Charlotte had in fact studied for three years to become a minister. She believed in God and seemed concerned at my absolute lack of morals. On the other hand she admitted she would marry a 14 year-old – “but not if they were drunk” (a crucial proviso).

Every couple she married she gave a copy of her love recipe. The ingredients to Charlotte’s love recipe included: ‘Two hearts full of love, two heaping cups of kindness, four arms full of gentleness, and two minds full of tenderness.’ Method: ‘Stir daily with happiness, humour, and patience. Serve with warmth and compassion, respect, and loyalty.’

Even Lonnie and Heidi, who looked as if they had just rolled in from Cali for a wedding in a scene out of ‘Wayne’s World’, received a love recipe. Lonnie and Heidi were dumb high-school sweethearts. They looked 16 but seemed to have a combined mental age of about half that.

Lonnie’s best mate, Joey, was best man. The two of them were clearly drunk (the beer bottle in Joey’s pocket was a giveaway).

He and Joey were jostling each other as they stood at the back of the aisle, laughing at the muffled cassette of ‘Here Comes The Bride’ and pinching each other.

“How much is the divorce ?!” joked Lonnie to Heidi as they moved down the aisle, grabbing her butt and goosing her. “Just kidding babe.”

Joey had a ‘Bring Your Daughter To The Slaughter’ Iron Maiden t-shirt on and the words ‘I KNOW JACK SHIT’ emblazoned on his baseball cap. To be fair to him though (out of deference to the occasion) he took it off halfway through the ceremony. (Lonnie left his on.)

Heidi just looked startled or mildly terrified, with a look on her face that suggested she didn’t actually think they were going to go through with it.

“Okay kids,” Charlotte announced. “Let’s get the show on the road !”

For a moment I thought she was going to slap her thigh.

Lonnie let out a wild groan and at that same moment I thought he was going to hurl. Instead he saluted the Minister with the words “alright dude !”

“Do you promise to love and honour her, respect, and cherish her in sickness and health ?” asked Charlotte earnestly.

“Yeah,” said Lonnie, sounding more and more like Nicholas Cage. He mouthed the words silently when she asked him to repeat the vows after her, but it obviously didn’t bother her enough to do anything about it.
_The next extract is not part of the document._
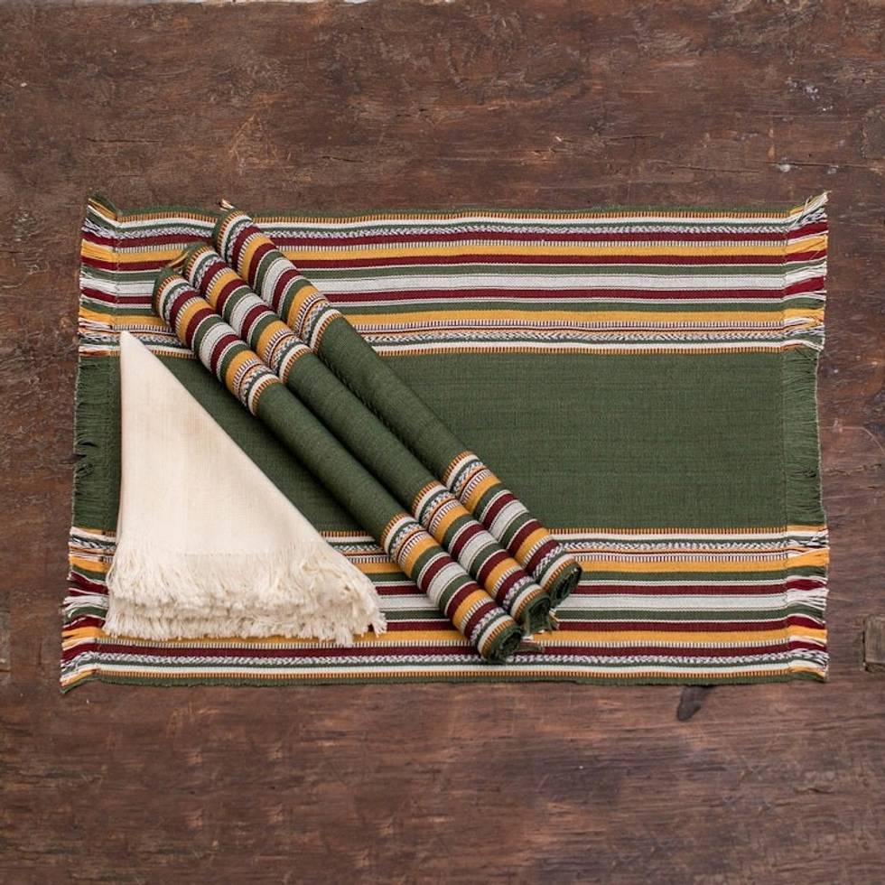 4 Hand-Loomed Striped Green Cotton Placemat and Napkin Set 'Palopo in Olive' Item ID: 2671769187

Lonnie kissed his young bride, hugged his buddy, and headed to the back of the chapel for a beer. Five minutes later, Lonnie and Heidi stepped out onto the Vegas streets as man and wife, laughing at what they had done, already thinking how funny it would be when they told their school friends and piss off their parents.

Charlotte was already greeting the next couple.

“I managed to sell them a video,” her assistant whispered.

I could probably have married the girl who spun the Wheel of Fortune at Caesars.

Her name was Storei and she was from Afghanistan. Her English vocabulary consisted mainly of the numbers 1 to 88 but she was pretty and I was pretty sure I could get the licence without her understanding what was going on. There were several ministers who would have married us and made allowances for her silence along the grounds of shyness.

In the end though it was the Puerto Rican shoeshine girl at Ballys whom I met when I asked her what her tattoo was and she said it meant ‘crazy girl.’

Charlotte’s speech was her best: about love and luck.

“Love is patient, love never fails,” she said glowing.

She advised us to a) put God first, b) be kind and gentle to each other, c) forgive each other – “as Our Father in Heaven forgives you.”

She ended saying: “By the power invested in me by the State of Nevada, in the Little White Wedding Chapel, at 10.35 in the evening on October the 21st, I pronounce you man and wife.”

As we climbed into the limo to go on to the honeymoon suite at Caesars, Charlotte came down and leaned into the car, waving excitedly, with her last words ringing out as we glided away.

“If you see Joan, say Hi. Say: “hi Joan, I love you !”’

I woke up the next day with a headache, wondering about my wife, wondering where she was, and realised that apart from the TV set playing in the other room, I was alone.

All that was left of my marriage was a wobbly video and a muffled cassette.